É importante salientar que para a Psicologia Social Discursiva o interesse encontra-se na ação dos discursos. Assim, ao analisar uma descrição sobre as produções discursivas dos psicólogos que atuam junto à Prestação de Serviços à Comunidade, tem-se como foco a

orientação para identificar a natureza da ação realizada por tal descrição, ou seja, na ação realizada pelos entrevistados com suas falas. Desse modo, adota-se a perspectiva de que as descrições constroem o mundo, ou, pelo menos, versões dele. E ainda, que as descrições são por si só, construções de mundo.

Na Psicologia Social Discursiva, Potter e Wetherell citado por Oliveira Filho (2011) usam o termo discurso para fazer referência a todas as formas de interação pela fala e aos textos escritos de todos os tipos. Nessa perspectiva, o termo análise do discurso é usado para nomear a análise de todas essas manifestações discursivas produzidas pelo sujeito. De forma resumida, Potter e Wetherell (1992) salientam que a análise é realizada em duas etapas: na primeira, há a busca por um padrão nos dados. Este padrão virá na forma de diferenças no conteúdo e forma dos textos e na consistência, ou seja, na identificação das características compartilhadas por estes textos. Na segunda etapa, há a preocupação com a orientação funcional do discurso e suas consequências, desse modo, o pesquisador formulará hipóteses sobre as funções e efeitos que as práticas discursivas têm no contexto e procurará pelas evidências linguísticas.

De acordo com a perspectiva trazida por Potter e Wetherell (1992), não existe uma forma única nem procedimentos mecânicos que indiquem como realizar uma análise. Entretanto, os autores apontam que existe um ponto que não se deve esquecer: analisar discursos envolve leitura e releituras minuciosas, pois encontrar padrões emergentes nos discursos é uma atividade que pode levar muitas horas de trabalho. Isso porque o pesquisador não deve estar focado na ideia geral do material, no seu resumo, mas nas nuances, nos detalhes.

Para a construção da análise dos dados coletados nas entrevistas, partiu-se do pressuposto de que todo enunciado colocado em discurso por parte de um sujeito faz parte de um contexto histórico, que está a ele condicionado. Neste sentido, possibilita-se uma reflexão sobre as implicações da prática analítica discursiva dos sujeitos entrevistados, levando-se em consideração o contexto social em que o discurso foi construído e, finalmente, sobre o papel do discurso na construção, manutenção e mudança da estrutura social.

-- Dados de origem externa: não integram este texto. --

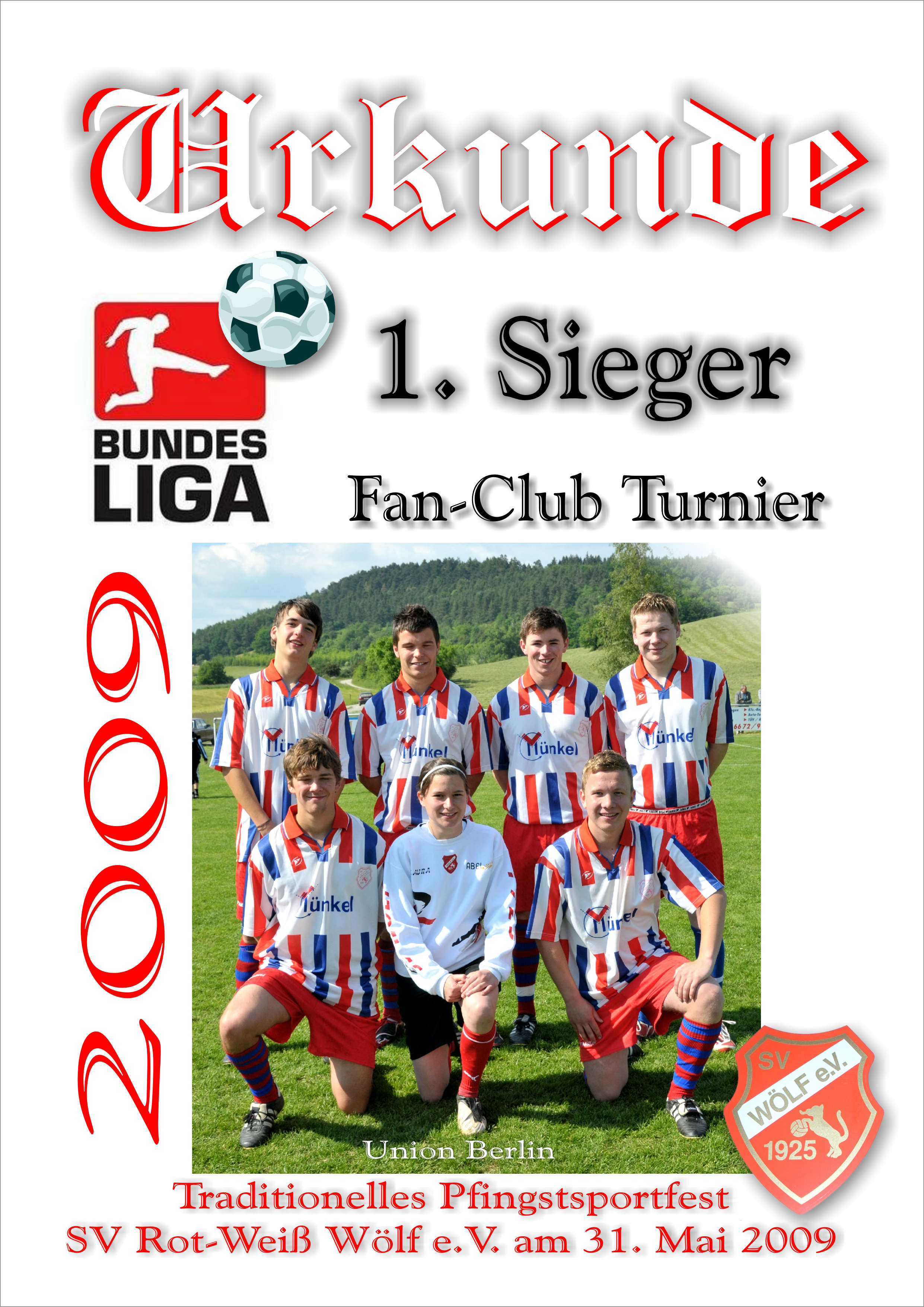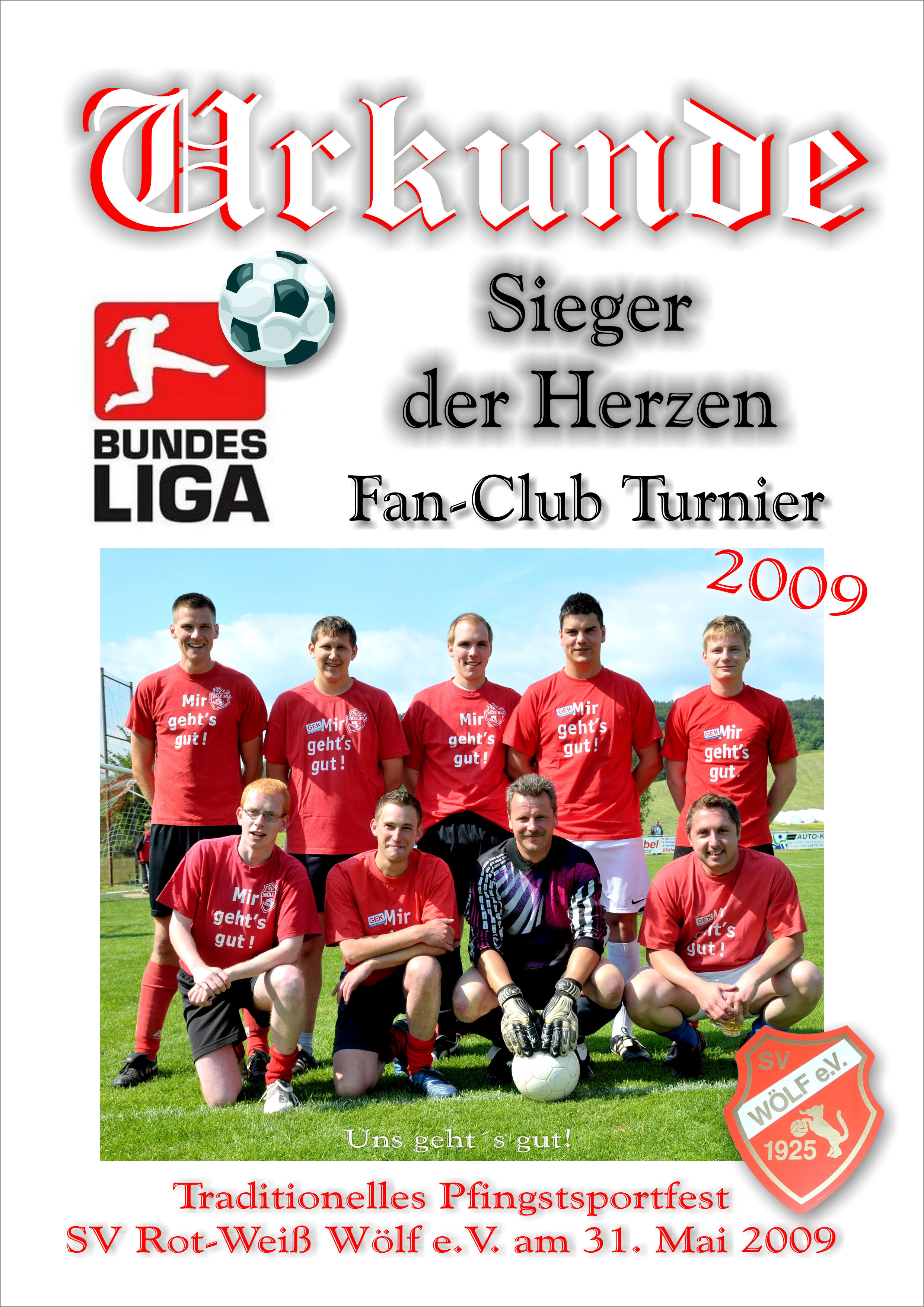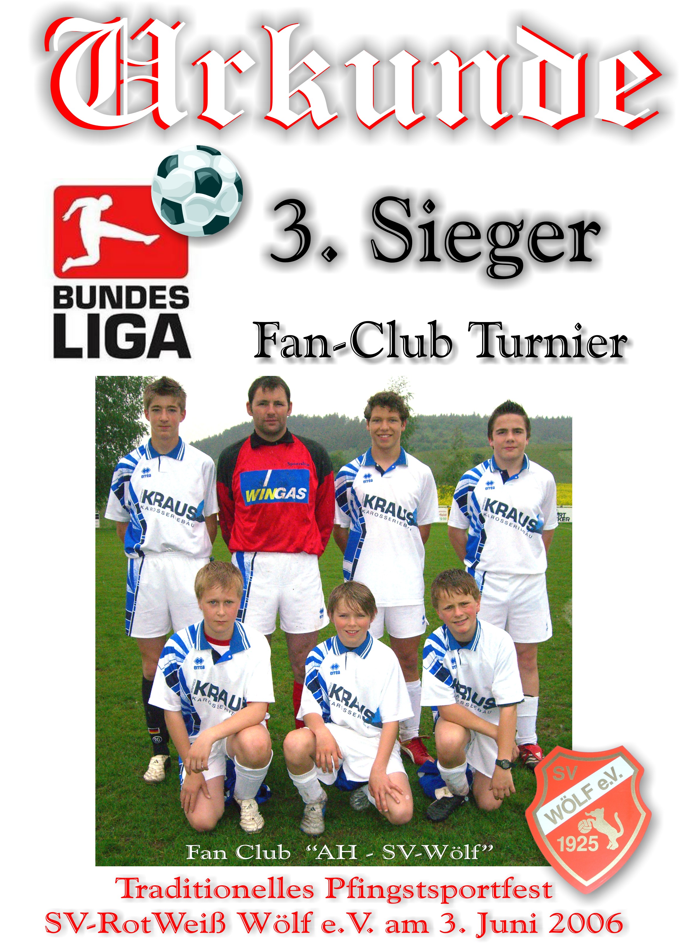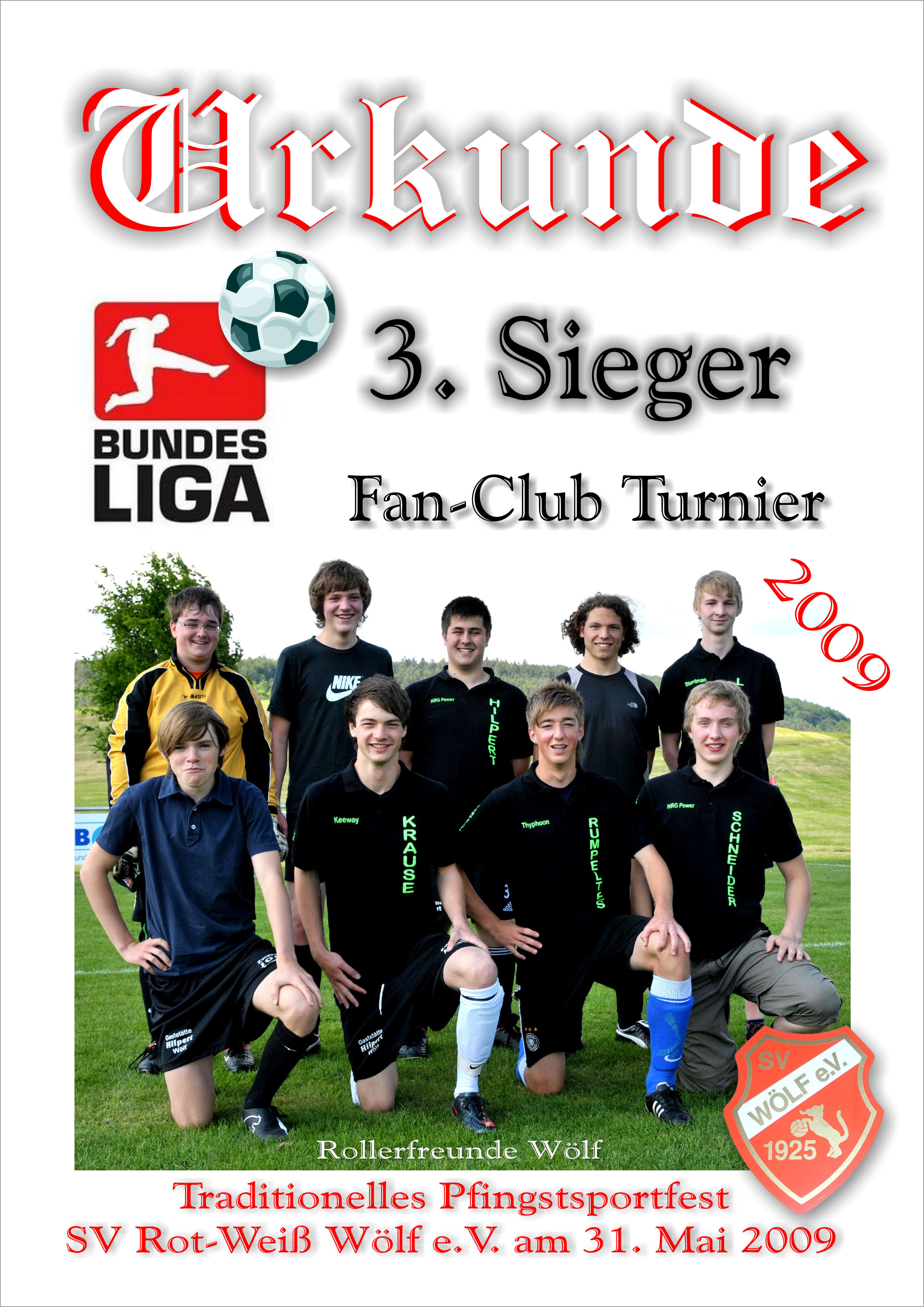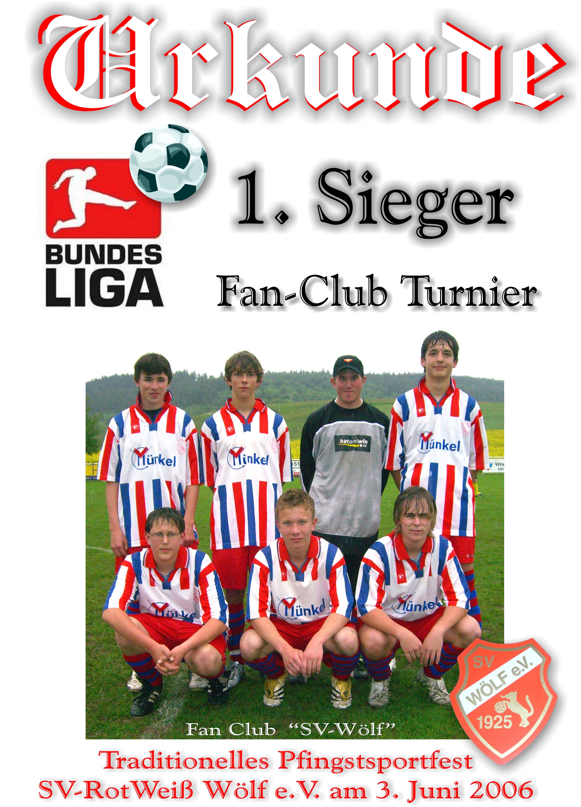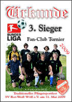 Urkunde 1. Sieger Fan-Club Wölf Bundesliga Fan-Club Turnier |

Portanto, o presente trabalho utilizará a Psicologia Social Discursiva como o instrumento de compreensão e análise dos fenômenos estudados, tendo em vista que essa abordagem possibilita uma reflexão profunda no que se refere à ênfase no uso da linguagem na constituição do mundo e das subjetividades contemporâneas. Busca-se, pois, compreender “a maneira como as interações discursivas que instauram as relações criam e adquirem

sentido” (IÑIGUEZ, 2004, p.120) através das produções discursivas dos psicólogos que atuam na execução da Prestação de Serviços à Comunidade.